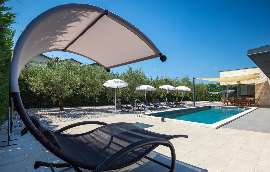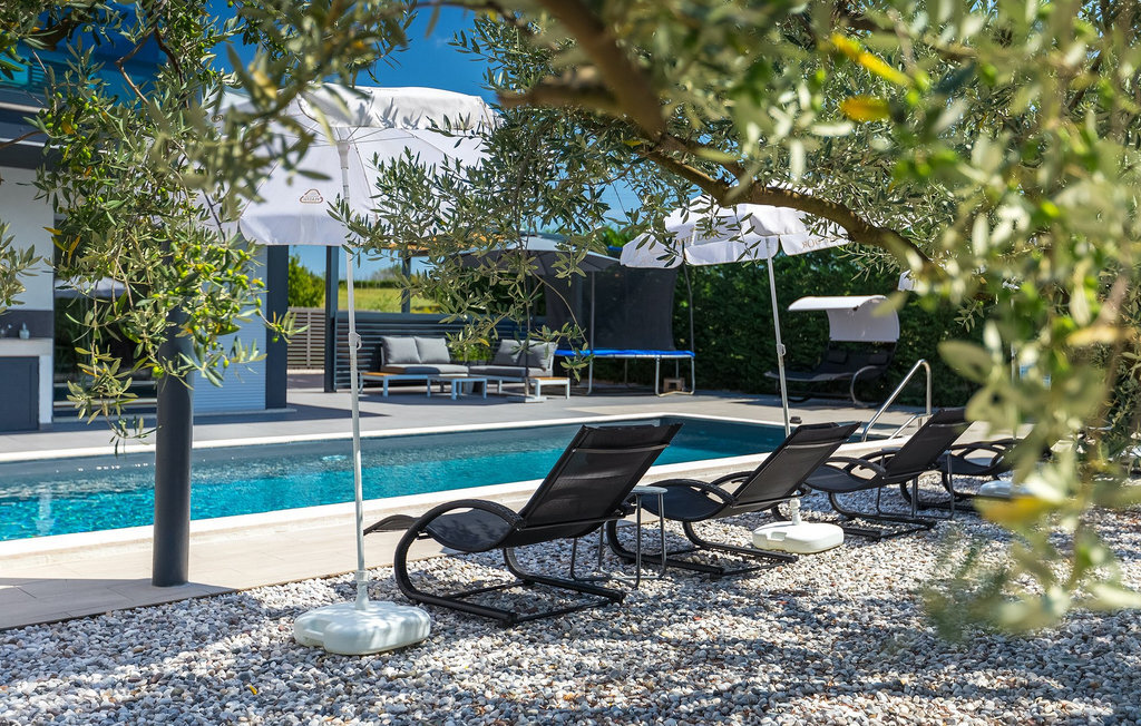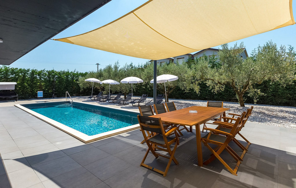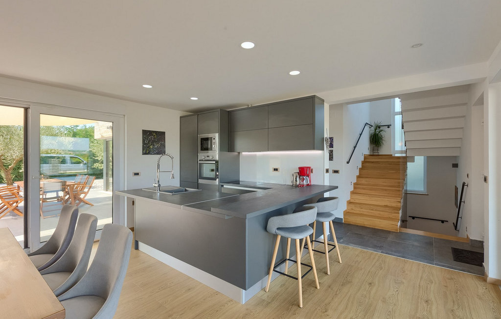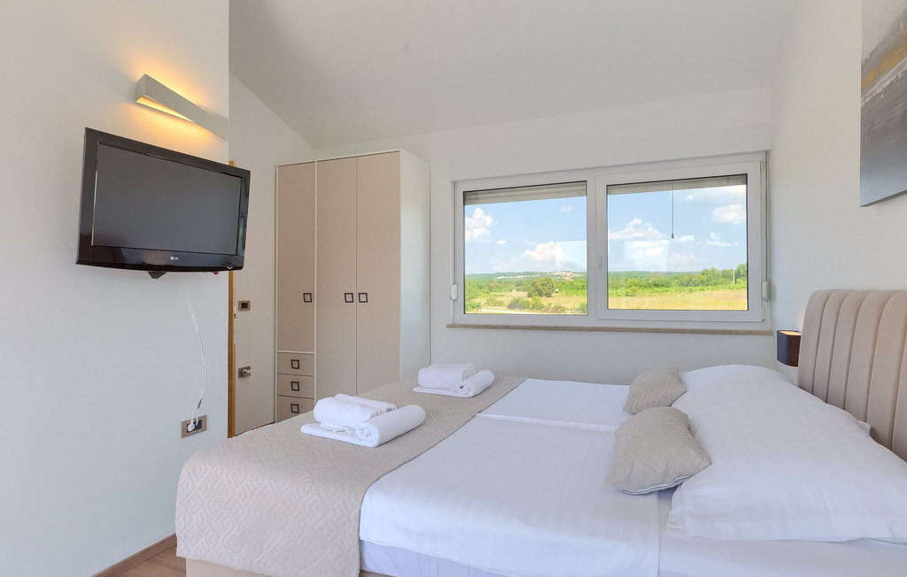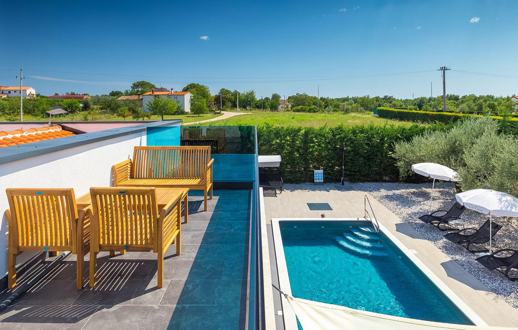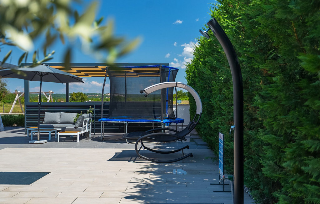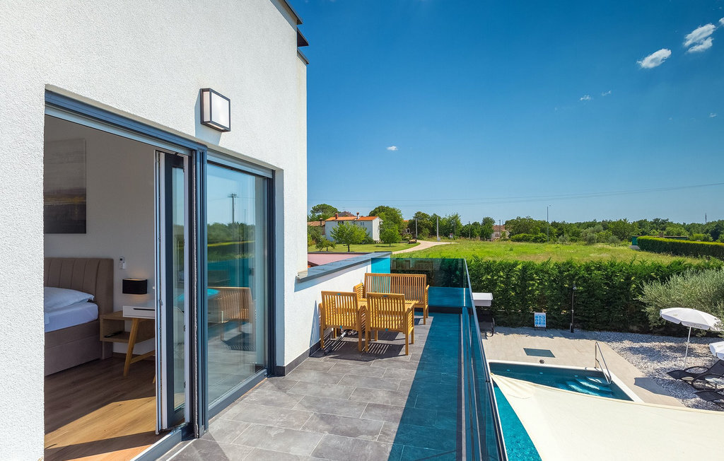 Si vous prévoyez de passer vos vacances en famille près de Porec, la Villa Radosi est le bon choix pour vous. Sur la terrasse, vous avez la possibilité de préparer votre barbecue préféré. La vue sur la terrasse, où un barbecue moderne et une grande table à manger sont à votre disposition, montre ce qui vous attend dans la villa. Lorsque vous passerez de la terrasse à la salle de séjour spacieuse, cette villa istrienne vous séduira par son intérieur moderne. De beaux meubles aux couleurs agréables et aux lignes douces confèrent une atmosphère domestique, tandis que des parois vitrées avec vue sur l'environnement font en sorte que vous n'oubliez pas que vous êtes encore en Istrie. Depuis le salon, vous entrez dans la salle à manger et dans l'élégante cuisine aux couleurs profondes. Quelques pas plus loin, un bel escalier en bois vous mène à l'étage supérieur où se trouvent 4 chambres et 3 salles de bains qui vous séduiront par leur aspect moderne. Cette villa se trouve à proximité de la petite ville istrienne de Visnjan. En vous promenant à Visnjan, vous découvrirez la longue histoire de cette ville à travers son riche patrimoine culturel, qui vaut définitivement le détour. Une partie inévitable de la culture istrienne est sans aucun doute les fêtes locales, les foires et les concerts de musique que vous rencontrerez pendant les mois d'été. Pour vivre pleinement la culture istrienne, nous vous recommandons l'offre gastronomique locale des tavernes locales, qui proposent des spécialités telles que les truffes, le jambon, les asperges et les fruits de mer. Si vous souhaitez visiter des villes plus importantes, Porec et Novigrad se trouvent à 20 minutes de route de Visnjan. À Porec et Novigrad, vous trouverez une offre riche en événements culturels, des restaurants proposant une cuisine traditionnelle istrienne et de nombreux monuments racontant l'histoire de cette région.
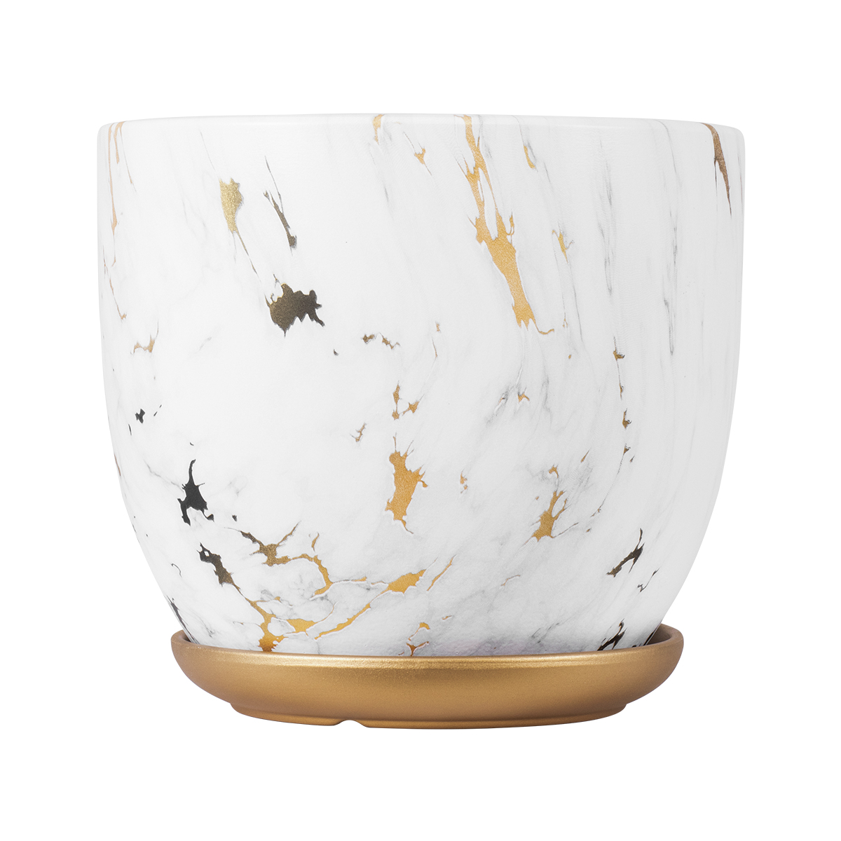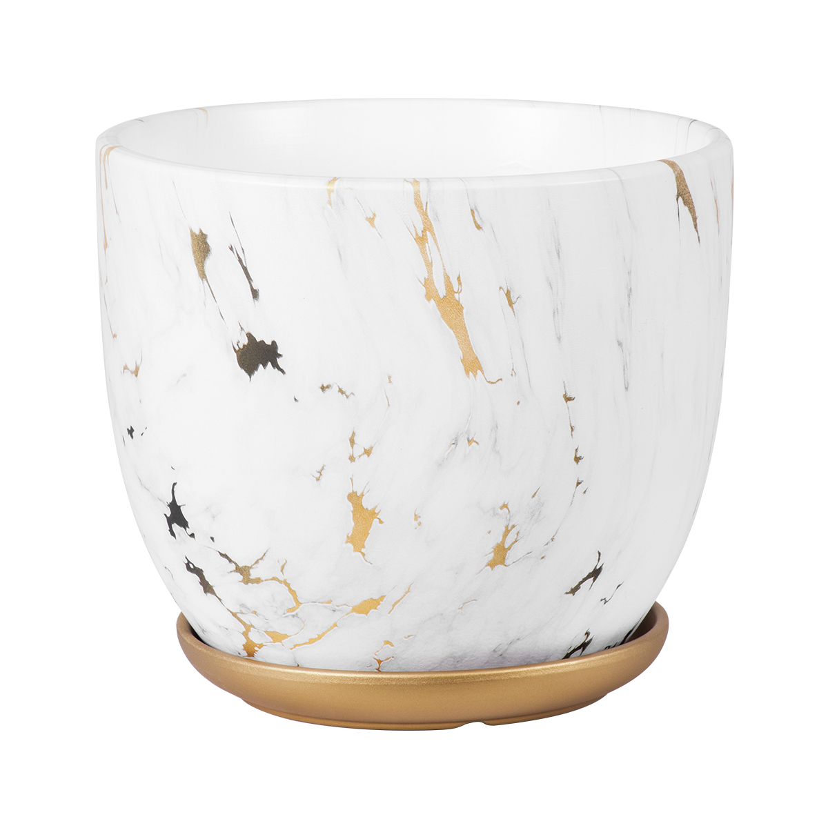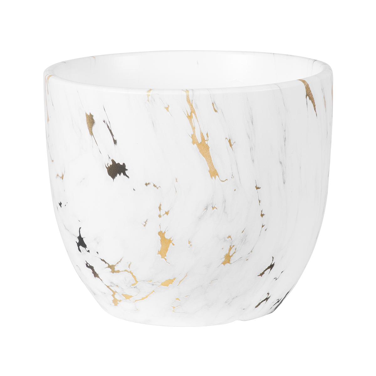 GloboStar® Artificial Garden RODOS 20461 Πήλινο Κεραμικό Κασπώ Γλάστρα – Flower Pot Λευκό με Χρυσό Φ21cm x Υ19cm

* * *

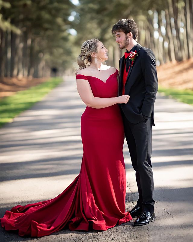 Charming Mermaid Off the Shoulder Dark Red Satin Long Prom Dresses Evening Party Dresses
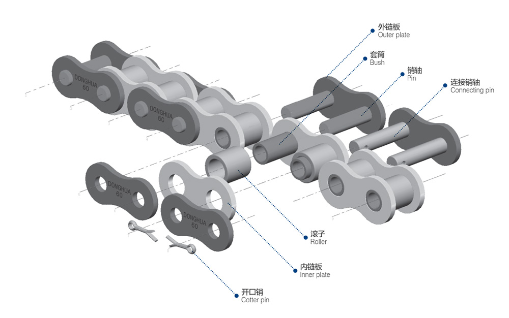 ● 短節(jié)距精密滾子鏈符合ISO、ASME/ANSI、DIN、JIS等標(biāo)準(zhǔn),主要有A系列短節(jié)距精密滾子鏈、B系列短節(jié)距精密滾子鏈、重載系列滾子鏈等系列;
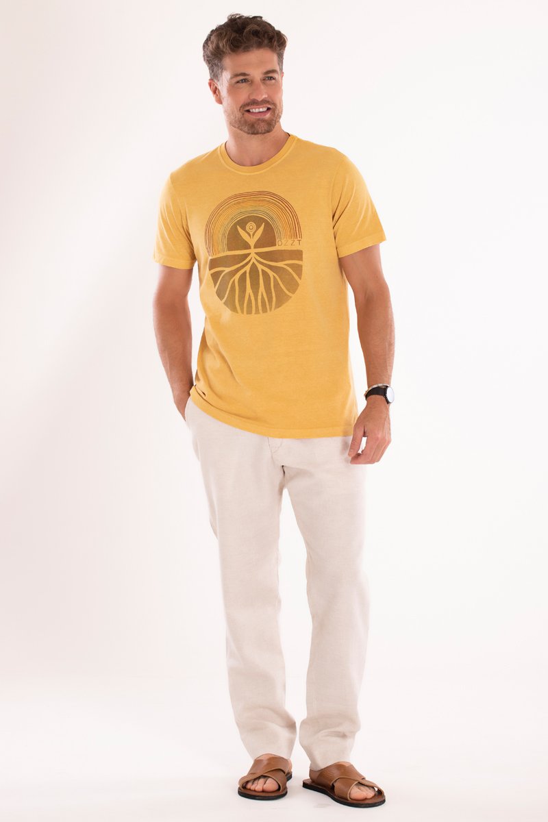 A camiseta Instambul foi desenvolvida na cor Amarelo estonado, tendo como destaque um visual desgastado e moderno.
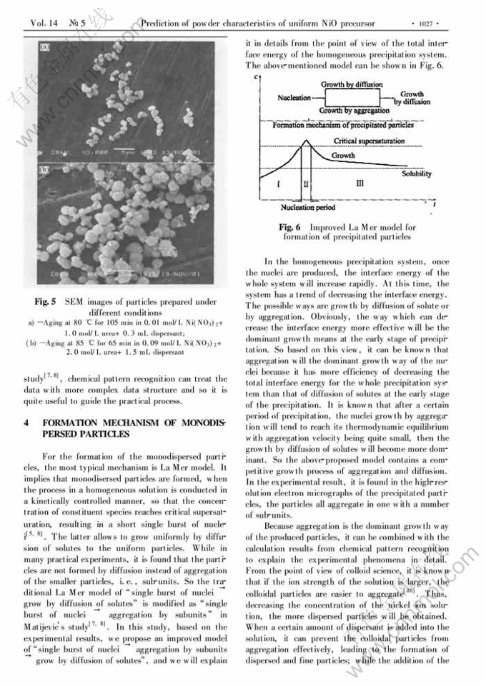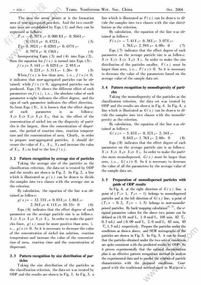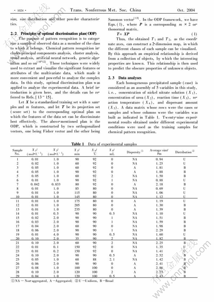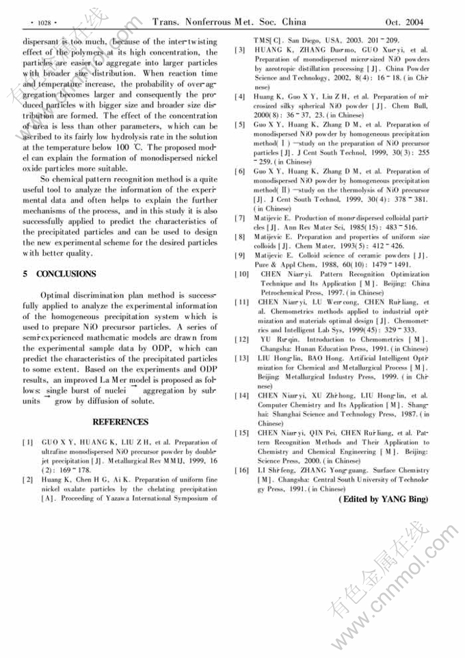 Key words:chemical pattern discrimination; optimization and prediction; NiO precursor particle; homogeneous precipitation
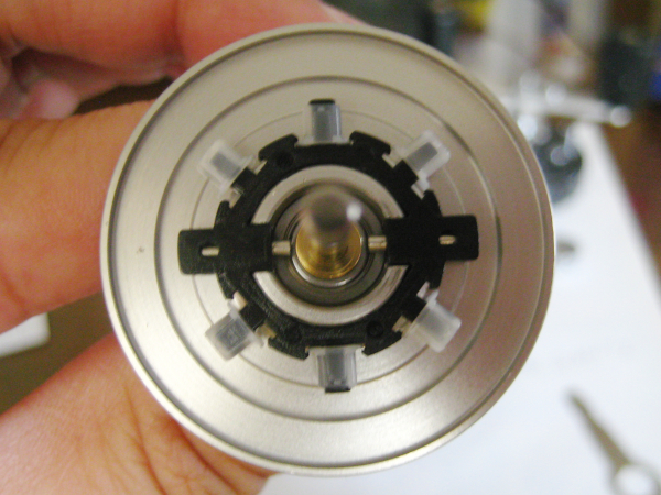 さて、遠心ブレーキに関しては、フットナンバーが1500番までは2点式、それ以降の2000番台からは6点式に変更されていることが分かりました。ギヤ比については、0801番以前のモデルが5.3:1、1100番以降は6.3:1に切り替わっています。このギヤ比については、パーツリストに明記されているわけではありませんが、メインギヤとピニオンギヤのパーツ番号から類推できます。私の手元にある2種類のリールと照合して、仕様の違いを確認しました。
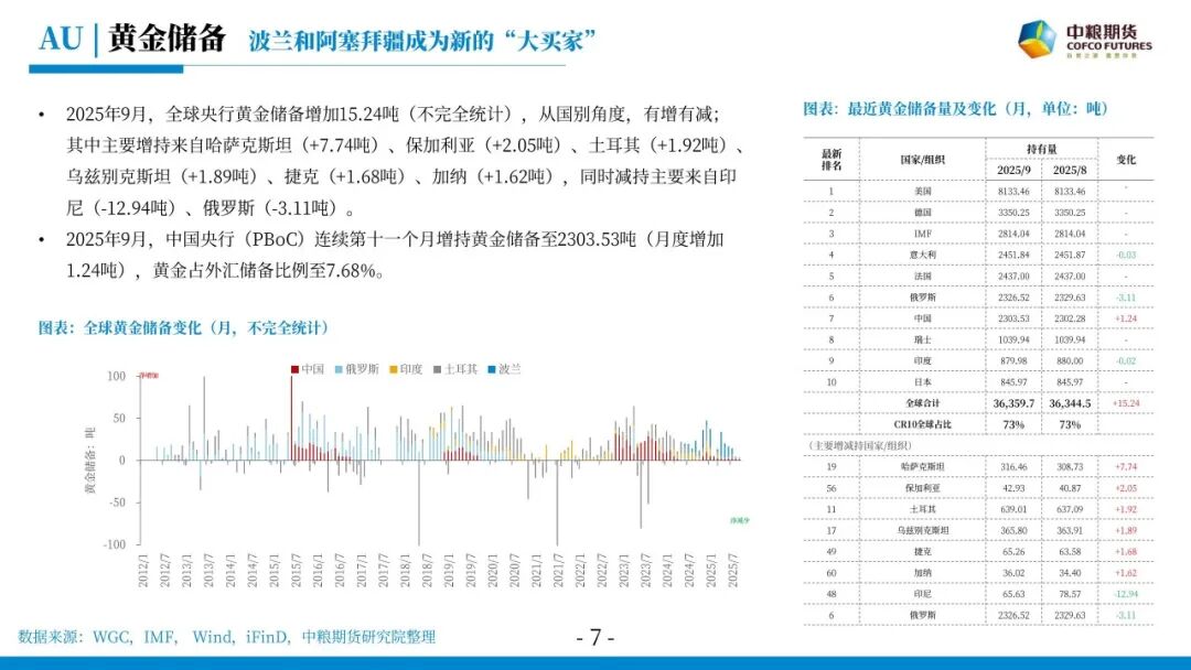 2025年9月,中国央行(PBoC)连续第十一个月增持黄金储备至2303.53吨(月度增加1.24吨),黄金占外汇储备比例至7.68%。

* **Task statement**:
Above this task is a listing with pictures in it. Retype only the lines from the one containing "A camiseta Instambul" through the one containing "2025年9月,中国央行(P", both included, and not the pictures.

* **Task solution**:
 A camiseta Instambul foi desenvolvida na cor Amarelo estonado, tendo como destaque um visual desgastado e moderno.
 Key words:chemical pattern discrimination; optimization and prediction; NiO precursor particle; homogeneous precipitation
 さて、遠心ブレーキに関しては、フットナンバーが1500番までは2点式、それ以降の2000番台からは6点式に変更されていることが分かりました。ギヤ比については、0801番以前のモデルが5.3:1、1100番以降は6.3:1に切り替わっています。このギヤ比については、パーツリストに明記されているわけではありませんが、メインギヤとピニオンギヤのパーツ番号から類推できます。私の手元にある2種類のリールと照合して、仕様の違いを確認しました。
 2025年9月,中国央行(PBoC)连续第十一个月增持黄金储备至2303.53吨(月度增加1.24吨),黄金占外汇储备比例至7.68%。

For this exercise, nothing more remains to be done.